'model.eval()' vs 'with torch.no_grad()'

Hi,

These two have different goals:

  • model.eval() will notify all your layers that you are in eval mode, that way, batchnorm or dropout layers will work in eval mode instead of training mode.
  • torch.no_grad() impacts the autograd engine and deactivate it. It will reduce memory usage and speed up computations but you won’t be able to backprop (which you don’t want in an eval script).
290 Likes

Thank you very much for your quick and clear explanation.

Hey, this implies I should definitely do "model.eval" while validating.

And, if memory and speed are not constraints; "torch.no_grad()" can be ignored. Right?

2 Likes

Ahh with torch.no_grad() you’ll have much higher speeds and can use larger validation batch sizes so it’s useful if not recommended

2 Likes

Why do something that takes 5x more memory (the 5 here is for the example, not actual number in practice) and is slow, if you can just add one extra line to avoid it?
@Naman-ntc using torch.no_grad() is actually the recommended way to perform validation !

29 Likes

yeah alright I meant to write “if not compulsory” :sweat_smile:

Thank you for the explanation!

Does torch.no_grad() also disable dropout layers?

4 Likes

So why is torch.no_grad() is not enabled by default inside model.eval() function? Is there a situation where we want to compute some gradients when in evaluation mode? Even if that’s the case, it seems like no_grad() method should be made an optional argument to eval(), and set to True by default.

32 Likes

@kasperfred No it does not.

@michaelklachko Some user can have a use case for this. The problem with doing this I guess is that no_grad is a context manager to work with the autograd engine while eval() is changing the state of an nn.Module.

10 Likes

Hello, do you know how exactly the eval mode affect the dropout layer in the test? What are the differences of the dropout behavior between the eval and training mode?

During eval Dropout is deactivated and just passes its input.
During the training the probability p is used to drop activations. Also, the activations are scaled with 1./p as otherwise the expected values would differ between training and eval.

drop = nn.Dropout()
x = torch.ones(1, 10)

# Train mode (default after construction)
drop.train()
print(drop(x))

# Eval mode
drop.eval()
print(drop(x))
31 Likes

Thanks a lot. Your answer is the same as what I thought.
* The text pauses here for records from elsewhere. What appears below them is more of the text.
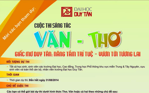 (ictdanang)- Hướng đến Kỷ niệm 20 năm thành lập Đại học Duy Tân, Đại học tư thục đầu tiên và lớn nhất tại miền Trung; bên cạnh hàng loạt sự kiện-hoạt động với các cấp độ quy mô khác nhau đã-đang-và sẽ được Đại học này tổ chức; một cuộc thi sáng tác Thơ-Văn với chủ đề “Giấc mơ Duy Tân - Nâng tầm trí tuệ - Vươn tới tương lai”, đã chính thức được phát động.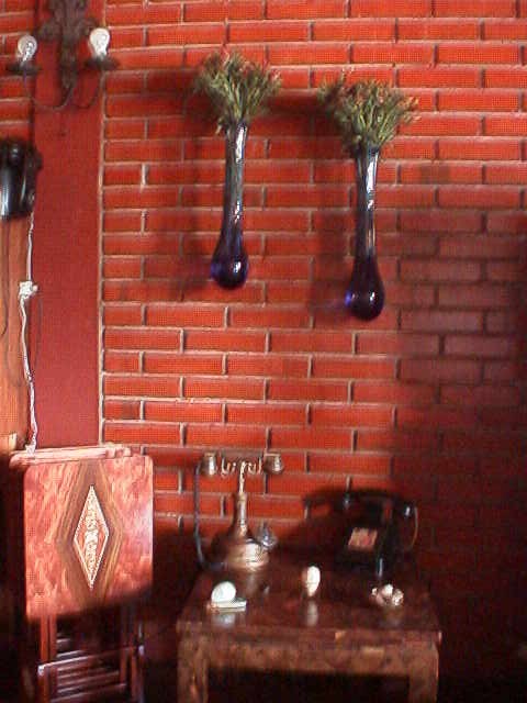 Las fotos no le hacen justicia al extraordinario trabajo y dedicación que demuestra la decoración de la casa de Gustavo. Observe las lámparas Coleman, colgadas del techo, pero con bombillos eléctricos. |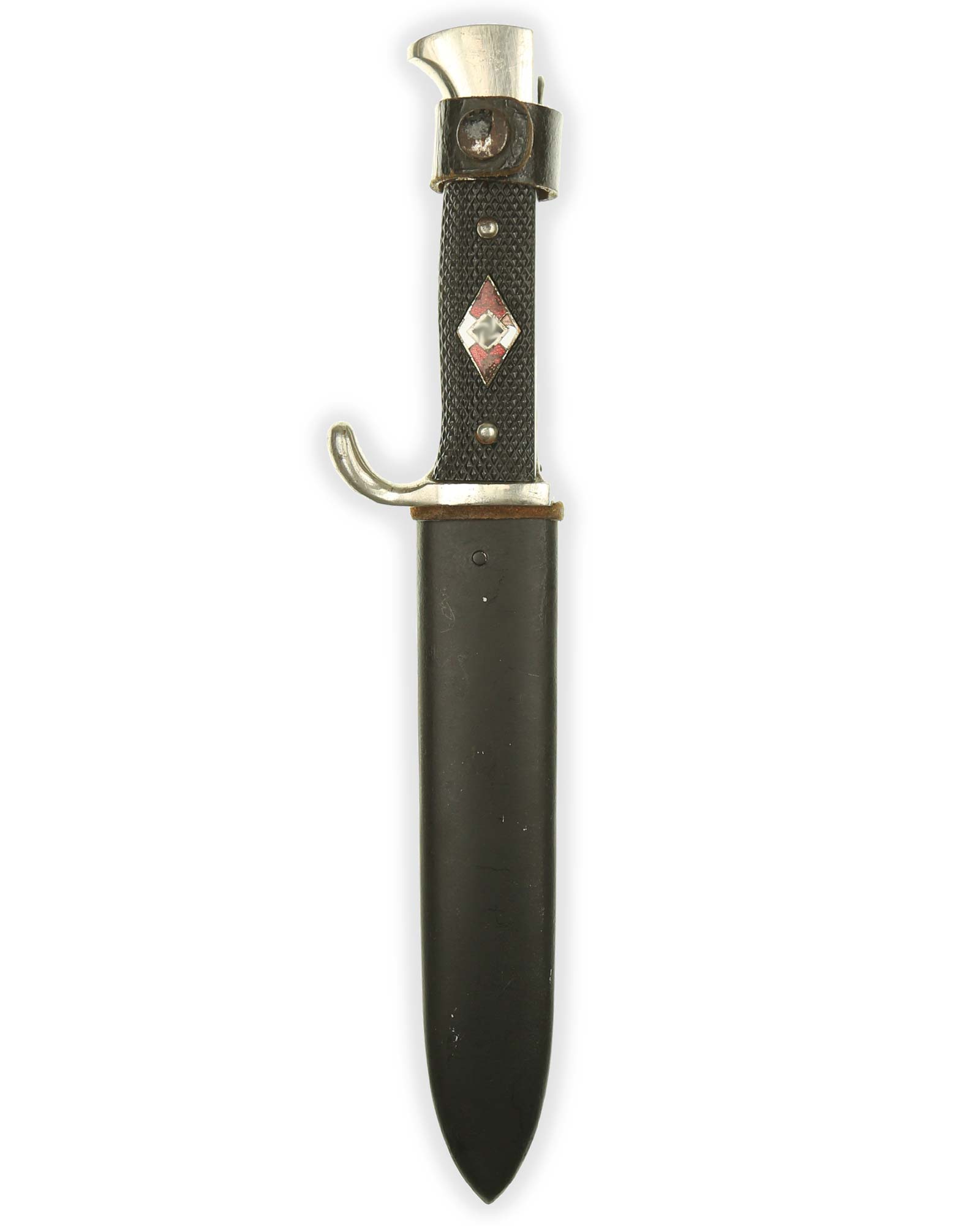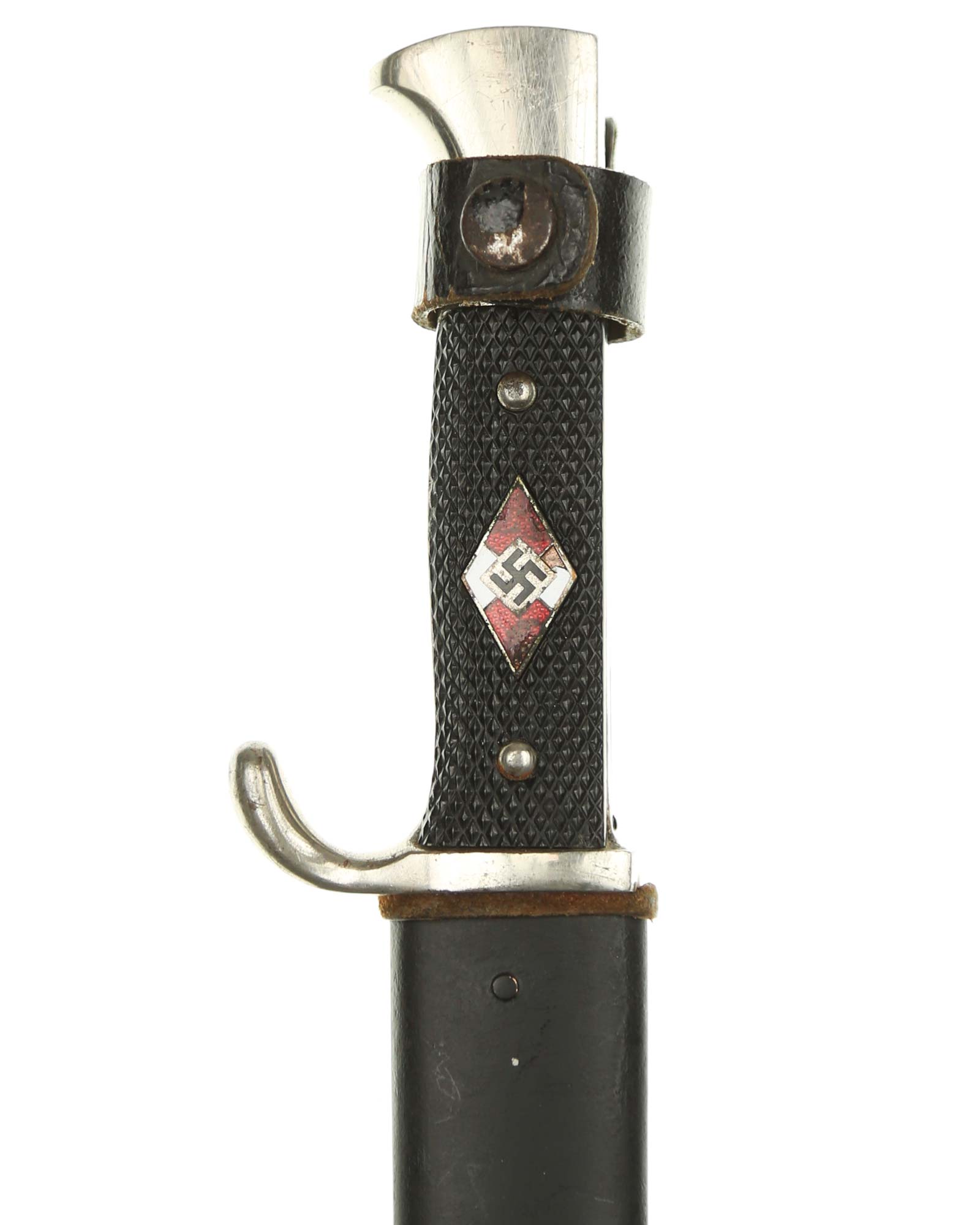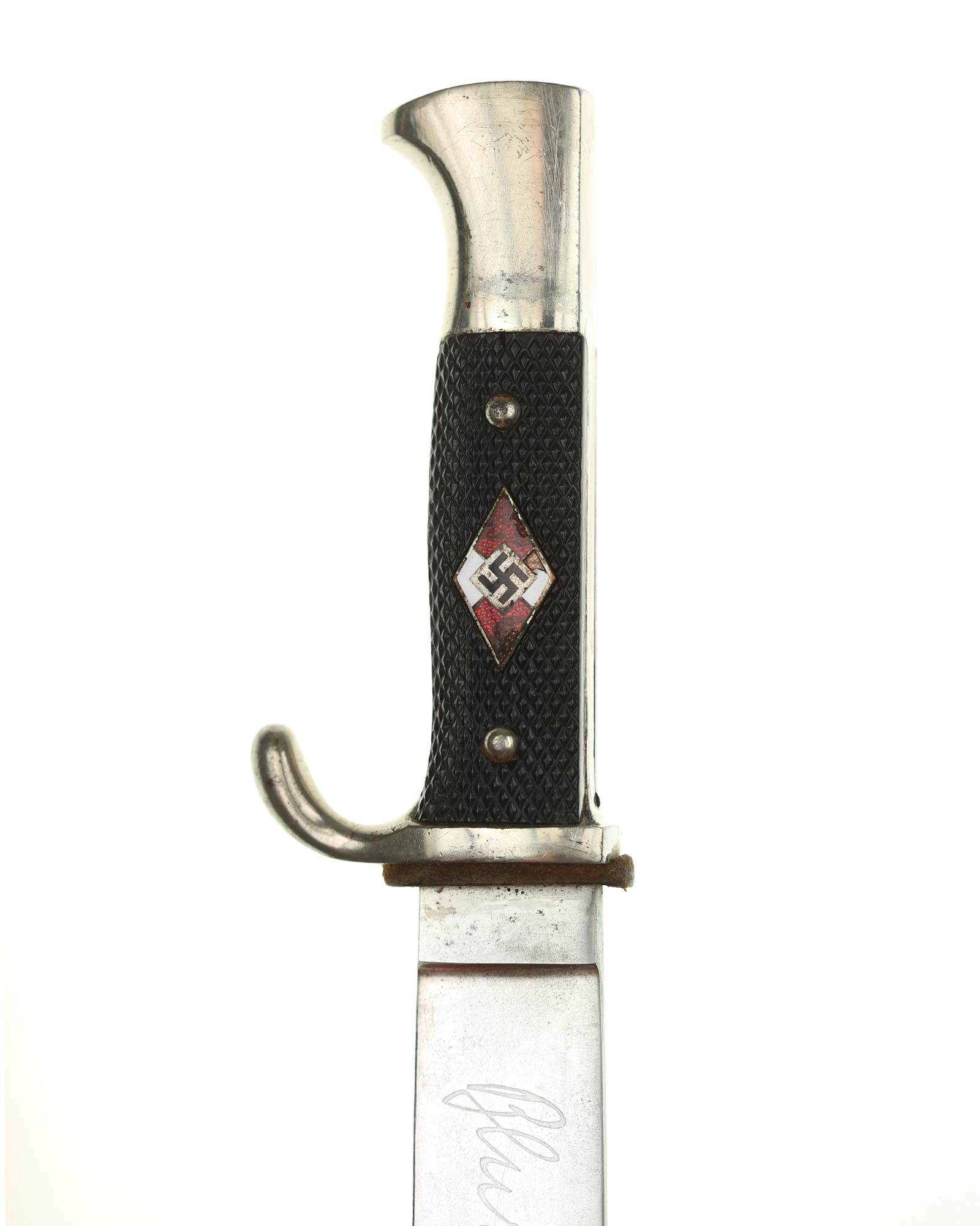 Рукоять: Рукоять ножа с черными пластиковыми щечками и эмалевой эмблемой "Гитлер Югенд". С обеих сторон бакелитовые накладки интенсивно чёрного цвета с рифленым рисунком. На лицевой стороне в центре эмблема организации «Гитлерюгенд» (также HJ-ромб). Крестовина литая непористая, отлита вместе с деталями рукояти.

Could someone please confirm whether this means that you handle evaluating and testing similarly? In both cases you set the model to .eval() and use with torch.no_grad()? (A bit more explanation as to why we treat them similarly is also welcome; I am a beginner.)

2 Likes

In Dropout documentation, it says the probability p is used to drop activations. At the same time, the activations not be dropped are scaled with 1/(1-p), I am not sure why it uses 1/(1-p) as a factor to scale the activations, could you give some explanation?

Have a look at this post for an example why we are scaling the activations.
Note that the p in my explanation refert to the keep probability not the drop probability.

4 Likes

Thanks for your explanation, now I am clear about that

hi, are you sure bn and dropout work in eval model? I think bn and dropout work in trainning mode, not working in validation and test mode.

Hi,

There is no such thing as “test mode”.
Only train() and eval().
Both bn and dropout will work in both cases but will have different behaviour as you expect them to have different behaviours during training and evaluation. For example, during evaluation, dropout should be disabled and so is replaced with a no op. Similarly, bn should use saved statistics instead of batch data and so that’s what it’s doing in eval mode.

7 Likes

You might want to modify your response as it can easily confuse readers. Your comment says “batchnorm or dropout layers will work in eval model instead of training mode.” I think you wanted to write eval mode, not eval model.